¹Department of Pharmacy, Kyoto University Hospital, and Department of Transplantation and Immunology, Graduate School of Medicine, Kyoto University, Sakyo-ku, Kyoto 606-8507, Japan

Correspondence: Ken-ichi Inui, PhD, Department of Pharmacy, Kyoto University Hospital, Sakyo-ku, Kyoto 606-8507, Japan E-mail: inui@kuhp.kyoto-u.ac.jp

^*This work was supported in part by the 21st Century COE Program "Knowledge Information Infrastructure for Genome Science"; by a grant in aid from the Japan Health Sciences Foundation; by a grant in aid for scientific research from the Ministry of Education, Culture, Sports, Science and Technology of Japan; and by Novartis Ciclosporin Pharmaco-Clinical Forum Research Grant 2004. Masahide Fukudo is a Research Fellow of the Japan Society for the Promotion of Science.

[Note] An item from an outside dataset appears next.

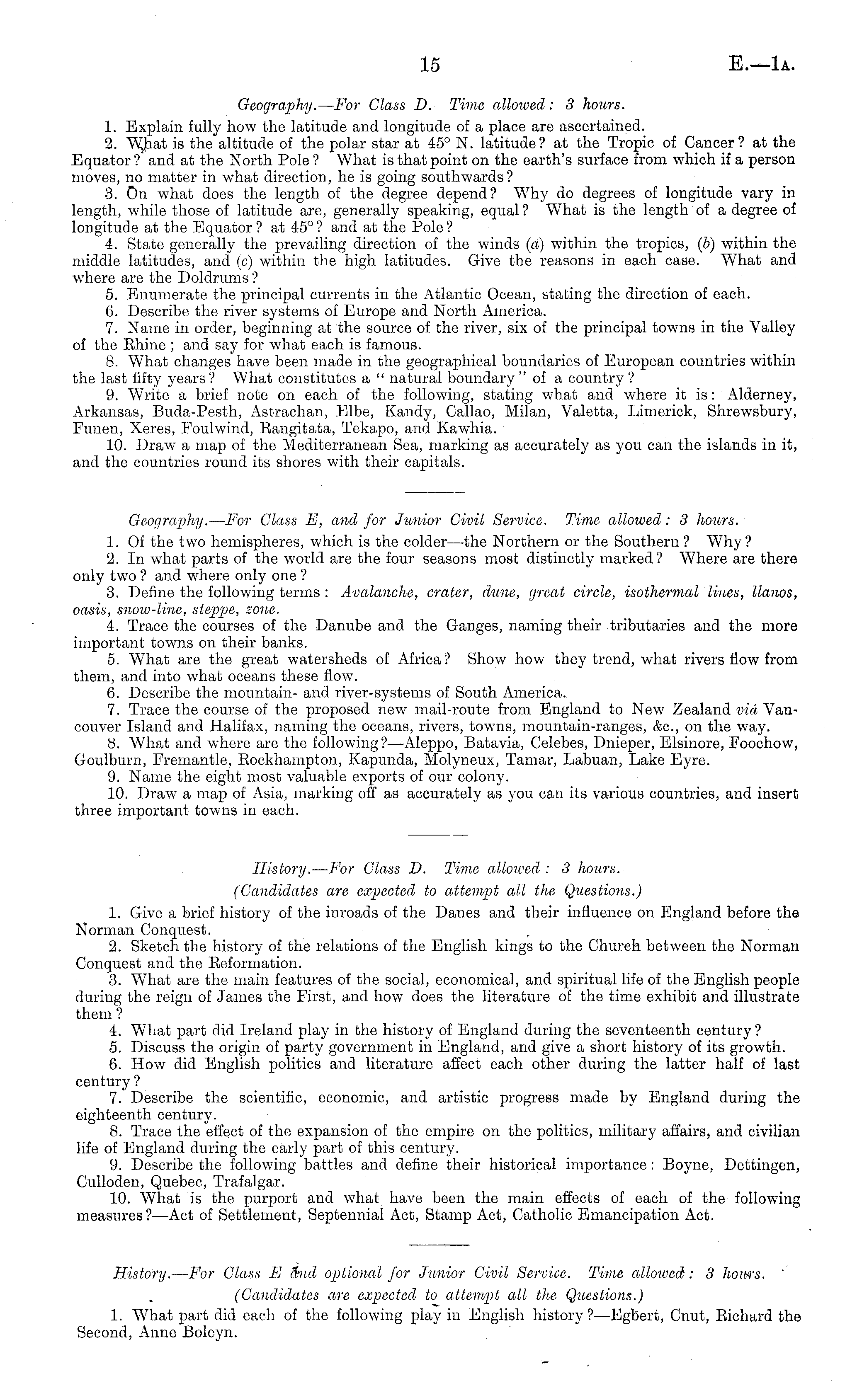 History. — For Class D. Time allowed : 3 hours. (Candidates are expected to attempt all the Questions.) 1. Give a brief history of the inroads of the Danes and their influence on England before the Norman Conquest. 2. Sketch the history of the relations of the English kings to the Church between the Norman Conquest and the Reformation. 3. What are the main features of the social, economical, and spiritual life of the English people during the reign of James the First, and how does the literature of the time exhibit and illustrate them ? 4. What part did Ireland play in the history of England during the seventeenth century ? 5. Discuss the origin of party government in England, and give a short history of its growth. 6. How did English politics and literature affect each other during the latter half of last century ? 7. Describe the scientific, economic, and artistic progress made by England during the eighteenth century. 8. Trace the effect of the expansion of the empire on the politics, military affairs, and civilian life of England during the early part of this century. 9. Describe the following battles and define their historical importance: Boyne, Dettingen, Culloden, Quebec, Trafalgar. 10. What is the purport and what have been the main effects of each of the following measures?— Act of Settlement, Septennial Act, Stamp Act, Catholic Emancipation Act.

Received 15 December 2004; Accepted 11 April 2005.

Abstract

Background: The calcineurin inhibitors tacrolimus and cyclosporine (INN, ciclosporin) have been widely used to prevent allograft rejection after transplantation. We investigated pharmacodynamic properties of the 2 drugs and their clinical relevance in liver transplantation.

Methods: Forty de novo living-donor liver transplant patients participated in this study, and they were treated with either tacrolimus (N = 30) or cyclosporine (N = 10). We simultaneously measured blood drug concentrations and calcineurin phosphatase activity in peripheral blood mononuclear cells during the first 14 postoperative days. Nephrotoxicity and acute rejection were also examined in relation to the blood drug concentrations and calcineurin activity.

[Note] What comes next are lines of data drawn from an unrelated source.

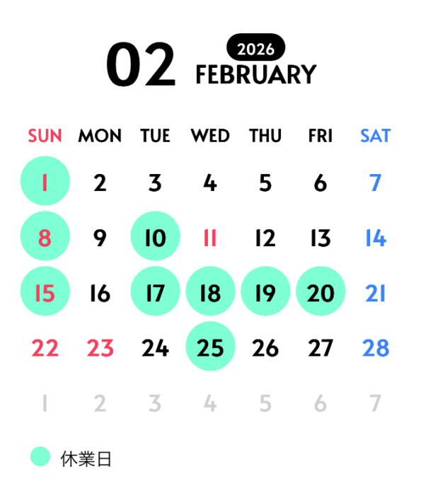 2月のお休みのお知らせ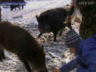 Ученики луцкой школы подкармливают лесных зверей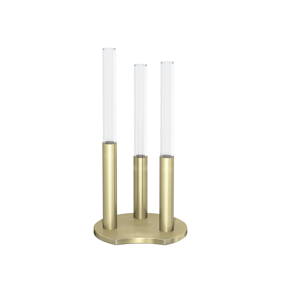 Inspired by the décor trend to display stand-alone blooms, this decorative vase features a trio of vessels to showcase three flowers. Crafted in glass and brushed gold tone plated metal, its warm tones and sleek silhouette will add refined style to a home. A lovely gift, especially when combined with sparkling crystal flowers or floral magnets from the Garden Tales collection. Decoration object. Not a toy. Not suitable for children under 15. Not suitable for use with water.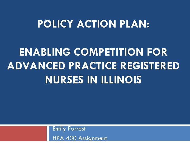 POLICY ACTION PLAN: ENABLING COMPETITION FOR ADVANCED PRACTICE REGISTERED NURSES IN ILLINOIS Emily Forrest HPA 430 Assignment

Results: Calcineurin activity was only partially inhibited by tacrolimus concentrations greater than 20 ng/mL, although it could be almost completely inhibited by cyclosporine concentrations greater than 700 ng/mL. According to a maximum effect model, the population mean estimates of the EC₅₀ (blood concentration that yields a half-maximal effect) for tacrolimus and cyclosporine were 26.4 ng/mL (95% confidence interval [CI], 15.7-37.1 ng/mL) and 200 ng/mL (95% CI, 127-274 ng/mL), respectively. Patients with nephrotoxicity in both groups had significantly higher trough concentrations compared with those without this adverse event. In addition, patients with acute rejection in the tacrolimus group had significantly lower trough concentrations and higher calcineurin activity than those without a rejection episode.

Conclusions: The inhibitory effects on calcineurin activity in peripheral blood mononuclear cells differed between tacrolimus and cyclosporine in living-donor liver transplant patients. Pharmacodynamic assessment in combination with blood concentration monitoring may be useful for determining the individual therapeutic range of tacrolimus and cyclosporine.